■ Description of the task: Copy out each line below verbatim, skipping any picture.

■ Source data:
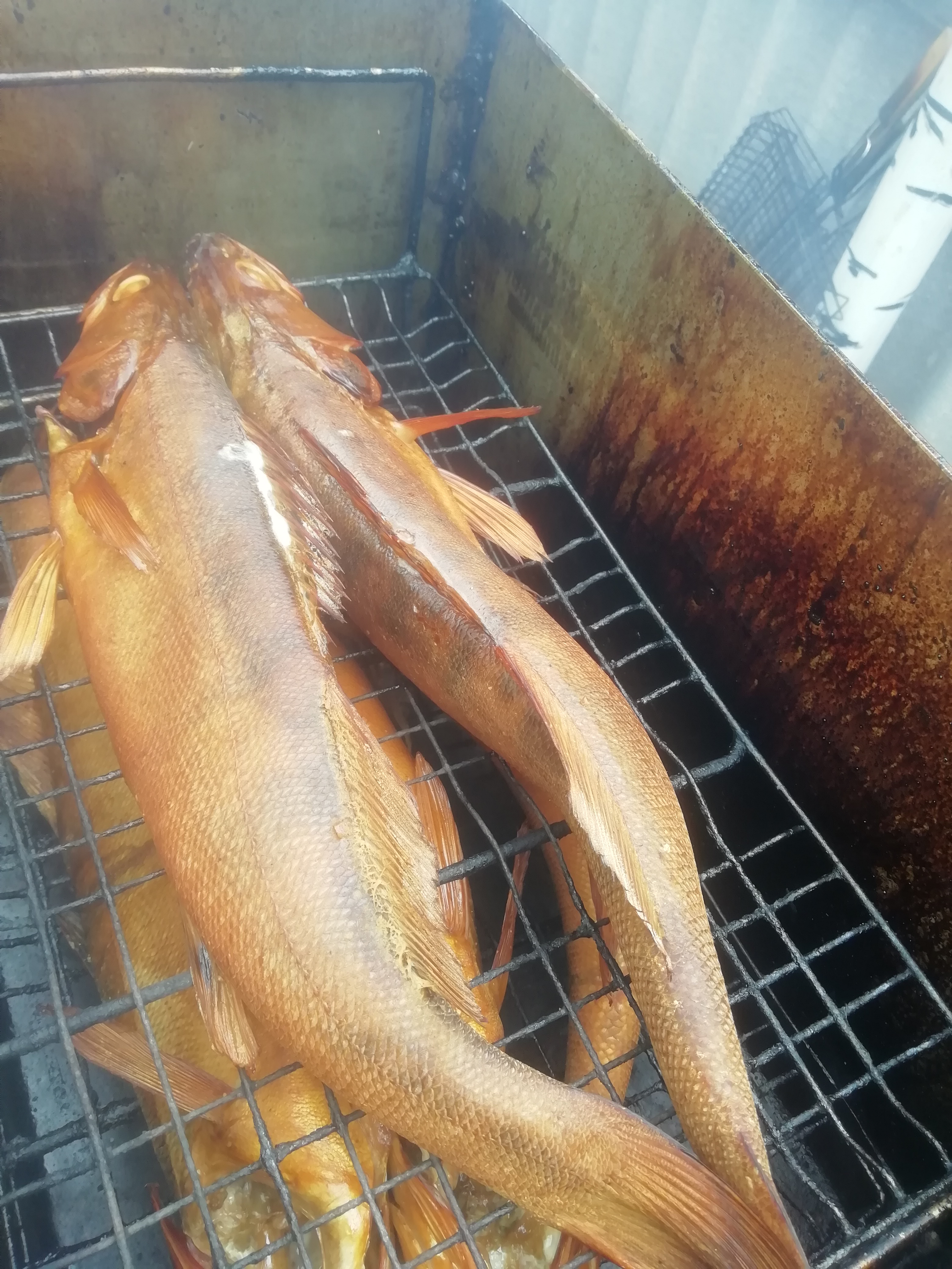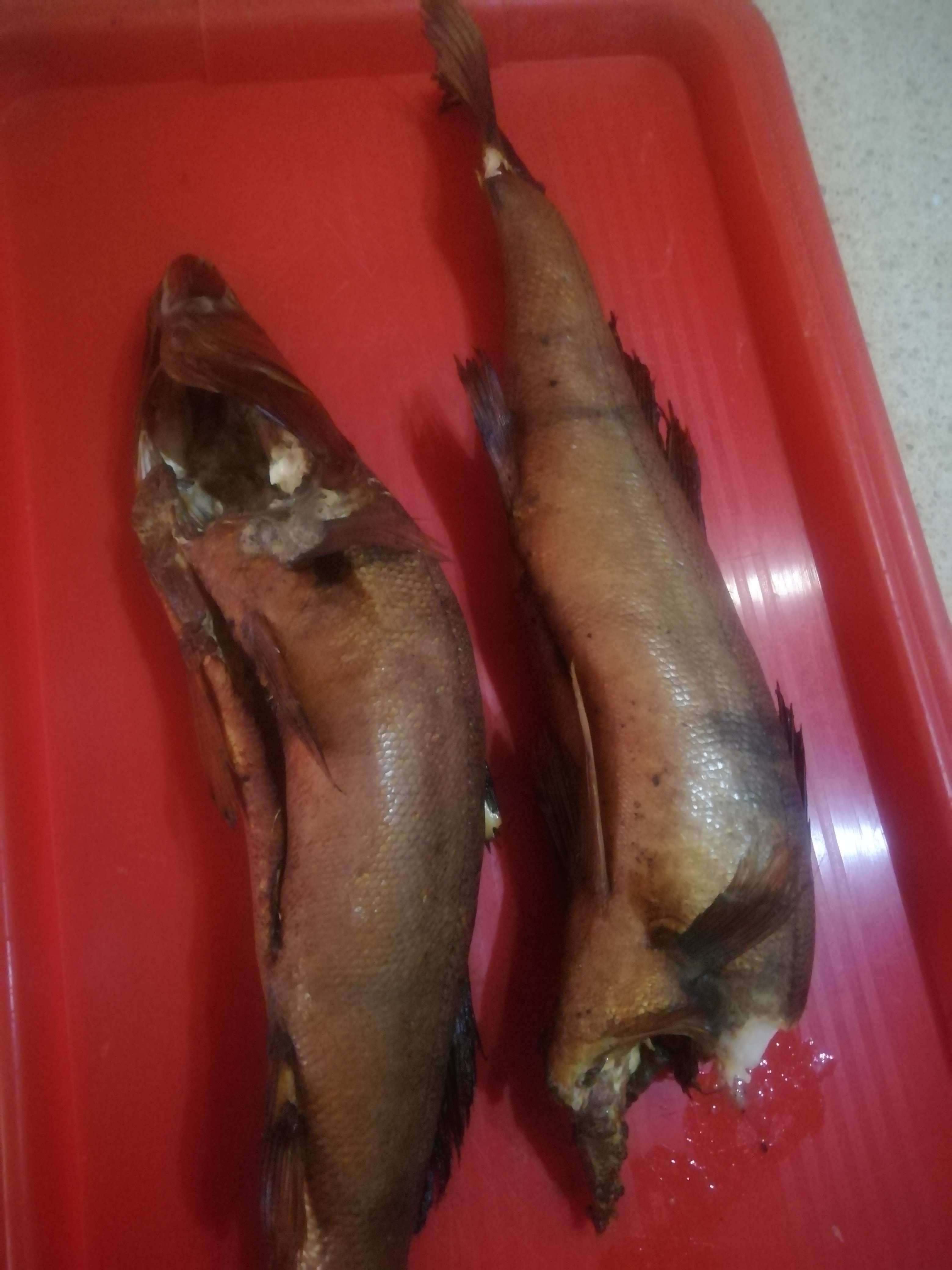Это после коптильни, почему то на дальнем куске темные пятна, в реале нет.
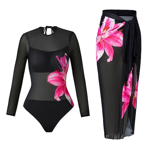 Costume da bagno intero da donna snellente con gonna monokini gonna in rete controllo della pancia vita alta slanciato elegante abbigliamento da spiaggia per le vacanze floreale collo rotondo maniche
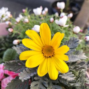 おはようございます🥰 ユリオプスデージーが咲きました💛💛💛 明るくて可愛いです✨ ②花かんざしも少しずつ 変化してます🩷(*˘︶˘*).。.:*♡ 開花がめちゃ楽しみ🎶 今日は穏やかでポカポカ日和です☀ 午後風が強くないといいな〜💕💕
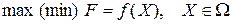 3) условия (или систему ограничений), налагаемые на неизвестные величины. Эти условия следуют из ограниченности ресурсов, которыми располагает общество в любой момент времени, необходимости удовлетворения насущных потребностей, условий производственных и технологических процессов. Ограниченными являются не только материальные, финансовые и трудовые ресурсы. Таковыми могут быть возможности технического, технологического и вообще научного потенциала. Нередко потребности превышают возможности их удовлетворения. Математически ограничения выражаются в виде уравнений и неравенств. Их совокупность образует область допустимых решений (область экономических возможностей). Объединение всех условий (ограничений), налагаемых на неизвестные (искомые) величины xj задачи, обозначим Ω (х Î Ω). При таких обозначениях модель задачи математического программирования примет вид:

■ Expected answer:
Это после коптильни, почему то на дальнем куске темные пятна, в реале нет.
 Costume da bagno intero da donna snellente con gonna monokini gonna in rete controllo della pancia vita alta slanciato elegante abbigliamento da spiaggia per le vacanze floreale collo rotondo maniche
 おはようございます🥰 ユリオプスデージーが咲きました💛💛💛 明るくて可愛いです✨ ②花かんざしも少しずつ 変化してます🩷(*˘︶˘*).。.:*♡ 開花がめちゃ楽しみ🎶 今日は穏やかでポカポカ日和です☀ 午後風が強くないといいな〜💕💕
 3) условия (или систему ограничений), налагаемые на неизвестные величины. Эти условия следуют из ограниченности ресурсов, которыми располагает общество в любой момент времени, необходимости удовлетворения насущных потребностей, условий производственных и технологических процессов. Ограниченными являются не только материальные, финансовые и трудовые ресурсы. Таковыми могут быть возможности технического, технологического и вообще научного потенциала. Нередко потребности превышают возможности их удовлетворения. Математически ограничения выражаются в виде уравнений и неравенств. Их совокупность образует область допустимых решений (область экономических возможностей). Объединение всех условий (ограничений), налагаемых на неизвестные (искомые) величины xj задачи, обозначим Ω (х Î Ω). При таких обозначениях модель задачи математического программирования примет вид:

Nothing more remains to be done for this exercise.